In this koan, the true wisdom remains unspoken: there is none. It is a meaningless question. Shame on you for even reading it.
This feeling of shame you now experience is the same after reading most deepities about “content.” Most of them are similarly asinine. Some of them sound good at first, but they’re usually not.
Why? Because they are about “content,” an empty word. We might as well call the stuff we make and put on websites “stuff” or “things” instead. But you know how much marketers and ad people like buzzwords.
For people who make things that go on the Internet, “content” is what we make. It doesn’t matter if we’re making articles, videos, podcasts or haikus, it doesn’t matter if we’re doing breaking news or gluten-free pancake recipes, we’ve got a great buzzword, “content,” to encompass it all. Then we pump its gelatinous, uniform mass into a golden pastry of some pre-baked ad model (“monetize” it), and away we go.
So, you see that I’ve answered my own koan. The real intention behind the Twinkie metaphor is that it doesn’t matter whether the “monetization” or “content” is the core ingredient; the Twinkie paradigm is processed and disgusting.
The holy grail, of course, is to “monetize” our “content.” That is, we ask ourselves this compound question: “Can I get people to pay for my content, and, since the answer to that is almost certainly ‘no,’ can I sell their eyeballs, eardrums, or cerebral cortices to someone else?”
After all, we can’t keep making our content if we can’t get any money to support it. And since it’s a given (face it) that we can’t get the people who like it to support it, we’ll have to give it away for free, so that we can get enough “eyeballs” (that’s really what the PowerPoint calls them) to sell to some company. And the company doesn’t care overly much what our “content” is, nor do we theirs, as long as the little analytics lines keep pointing up.
The problem with this Twinkie is that Twinkies are gross, and, for some reason, Twinkies pop into my mind whenever I hear the word “content.” That’s some grade-A marketing.
The word “content” is dehumanizing, just like the process of making, buying, and eating a Twinkie, as opposed to actual food. What does our use of that word say about our relationship to the things we make and put on the Internet?
More importantly, what does it say about our relationship with the people who like our things? Who like us?
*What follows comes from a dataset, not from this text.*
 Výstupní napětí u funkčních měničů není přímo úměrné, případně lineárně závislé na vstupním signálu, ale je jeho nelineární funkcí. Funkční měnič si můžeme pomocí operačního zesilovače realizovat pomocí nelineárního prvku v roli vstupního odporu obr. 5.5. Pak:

It says we’ve got our heads on backwards.
The easiest way to become a web publisher is to not make any money. The easiest way to make money as a web publisher is to figure out a way to make money selling eyeballs, eardrums, or cerebral cortices to advertisers, and then to devise a “content strategy” [barf] to optimize your Twinkie assembly line. So that’s what most people do, and reasonably so, I guess.
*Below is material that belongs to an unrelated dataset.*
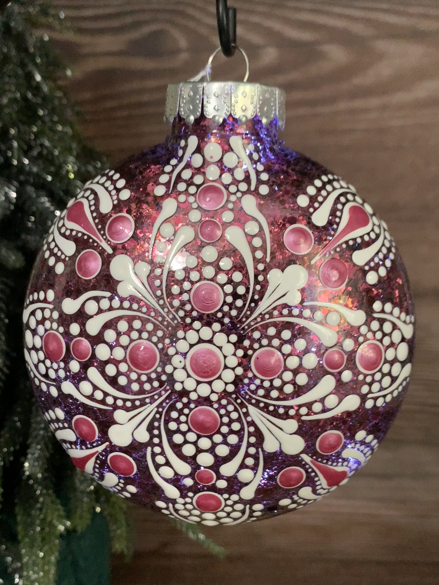 This Disc Ornament was treated with a Medium Burgundy Glitter coating on the inside and Metallic Rose & White Acrylic Paint on the exterior to create the dotted mandala design.

The hardest way to make money as a web publisher is to make stuff you love that happens to be SOOOO AWESOME that people spontaneously give you money for it and heap praises upon it among their friends. Good luck with that.
But, for the rest of us, why not begin by thinking of “eyeballs” as people and “content” as stuff people like?
We can then think of stuff we like and happen to know how to make. Or, we can think of stuff we, eh, don’t care about, but we like to make it. There are probably audiences for either or both. But before we do anything stupid, we look around and make sure they’re out there. I bet we can do that on the Internet.
Then we can conceive of an audience, comprised of human beings with personalities, and we can find them, talk to them, find out what they want, and try to make it for them. If they don’t like it, we make it differently.
If it starts to catch on, it might be time to think of other companies or organizations we like, maybe ones that make other stuff we like, and see if our audience likes them, too. If they do, maybe these companies or organizations might pay us to put some of their stuff in with our stuff, because our audience might enjoy it. If they enjoy it, it won’t bother them to see some of it mixed in with our stuff.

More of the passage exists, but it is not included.